- **Task to carry out**:
An exact copy is needed of the lines from the one that contains "活动现场,书画艺术家们挥毫泼" through the final line of the data below, with pictures left out.

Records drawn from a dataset
=== Section Start ===
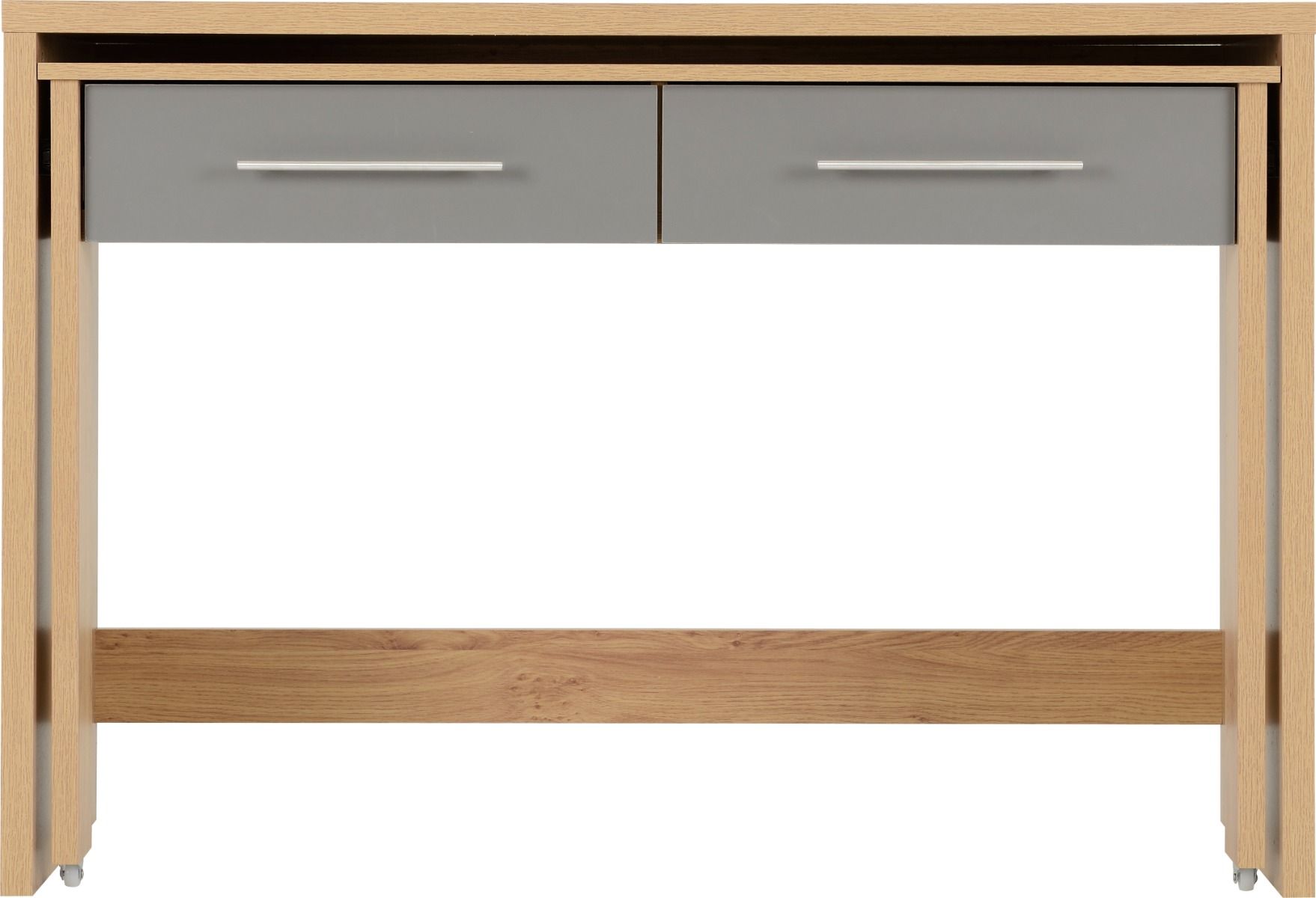 Seville 2 Drawer Slider Desk - Grey High Gloss Light Oak Effect Veneer
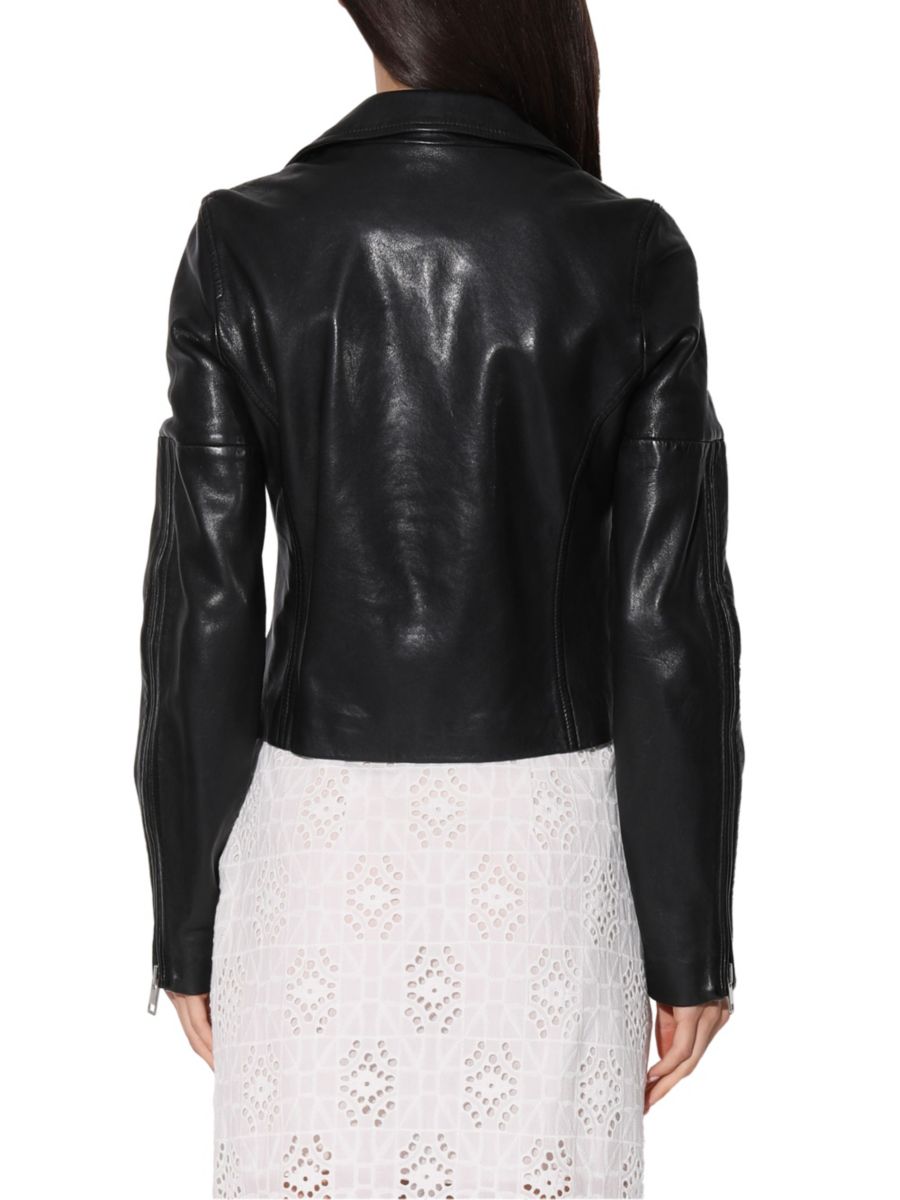 Куртка Presley от Walter Baker с открытыми молниями на рукавах и коротким силуэтом выглядит классически стильно. Изготовлена из гладкой кожи ягнёнка и имеет асимметричную застёжку.
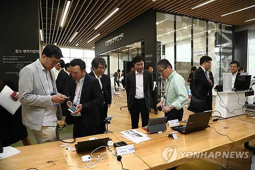 | △ 지난달 30일 경기 창조경제혁신세터에서 열린 핀테크 지원센터 제1차 Demo-day에서 핀테크 스타트업 및 예비 창업자들이 참석자들에게 핀테크 기술을 시연하고 있다. (금융위원회 제공) |
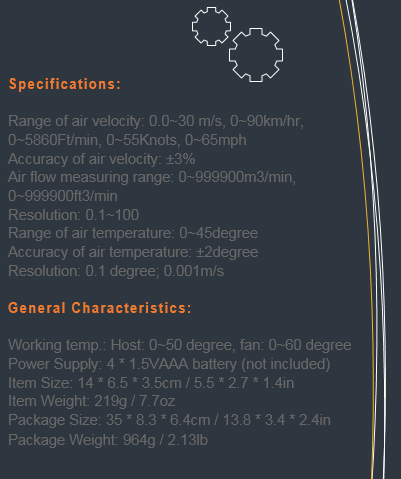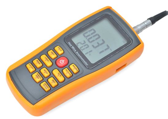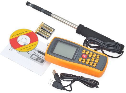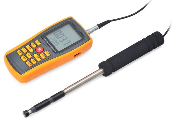 The slim GM8903 Hot-Wire Anemometer with extended handle and large LCD display allows operation in confined spaces. Measuring air velocity /air flow / air temperature, the meter is widely used in the application fields of heating, ventilation, meteorology, agriculture and frozen storage etc.
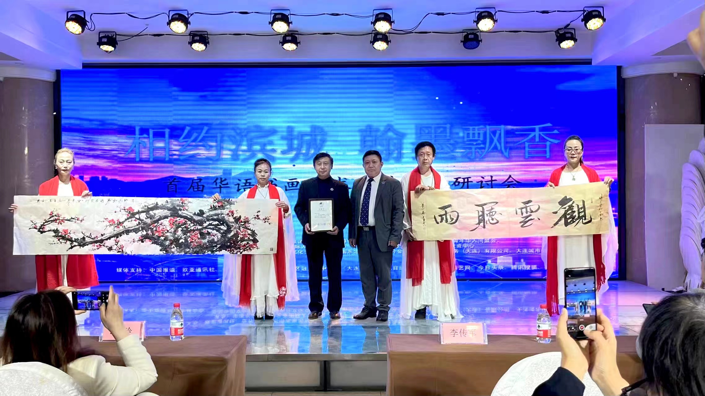 活动现场,书画艺术家们挥毫泼墨,一幅幅栩栩如生的作品映入眼帘。表演艺术家们用歌曲和舞蹈点燃全场氛围。大连城市时尚馆还带来了精彩的时装秀表演,赢得现场观众阵阵掌声。书画交流与演出结束之后,主办方为艺术家们颁发了收藏证书与荣誉证书。
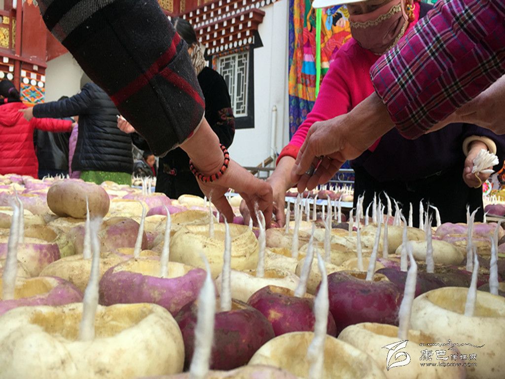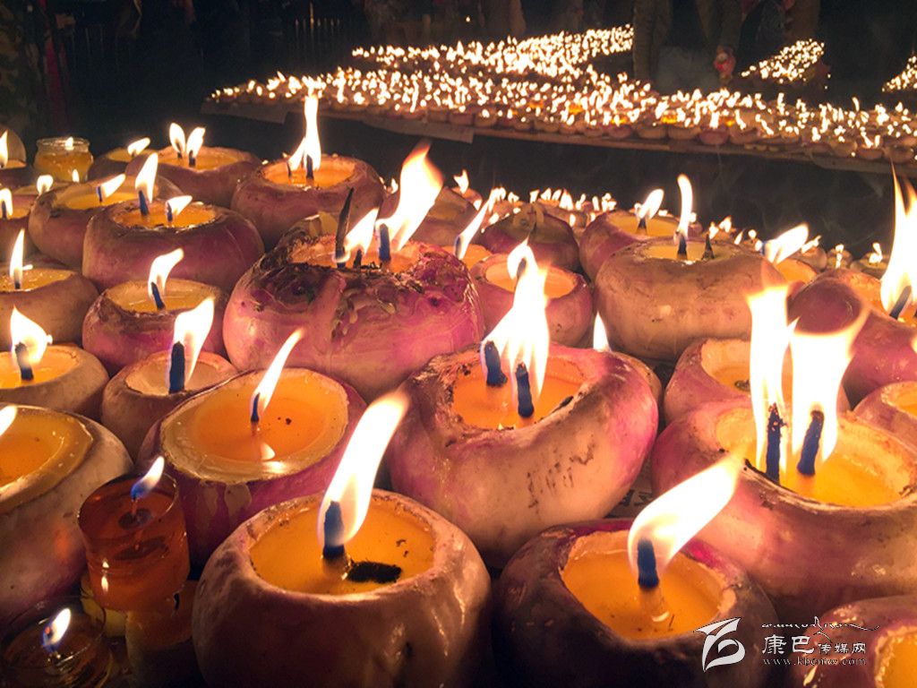我州最具特色的燃燈節(jié)當(dāng)屬康定市城內(nèi)安覺寺舉辦的燈會。每到這一天,康定市民會將本地盛產(chǎn)的“芫根”洗干凈,然后掏空中間的瓤,在里面放置燈芯,做成酥油燈盞,入夜以后,數(shù)萬盞酥油燈一起點燃。因此又稱“芫根燈會”。12月6日晚,康定市民結(jié)伴相約前來安覺寺祈福,盛況空前。 (本網(wǎng)記者 馬建華/文 深圳商報記者 薛云麾/圖)
=== Section End ===
- **Answer for this exercise**:
 活动现场,书画艺术家们挥毫泼墨,一幅幅栩栩如生的作品映入眼帘。表演艺术家们用歌曲和舞蹈点燃全场氛围。大连城市时尚馆还带来了精彩的时装秀表演,赢得现场观众阵阵掌声。书画交流与演出结束之后,主办方为艺术家们颁发了收藏证书与荣誉证书。
我州最具特色的燃燈節(jié)當(dāng)屬康定市城內(nèi)安覺寺舉辦的燈會。每到這一天,康定市民會將本地盛產(chǎn)的“芫根”洗干凈,然后掏空中間的瓤,在里面放置燈芯,做成酥油燈盞,入夜以后,數(shù)萬盞酥油燈一起點燃。因此又稱“芫根燈會”。12月6日晚,康定市民結(jié)伴相約前來安覺寺祈福,盛況空前。 (本網(wǎng)記者 馬建華/文 深圳商報記者 薛云麾/圖)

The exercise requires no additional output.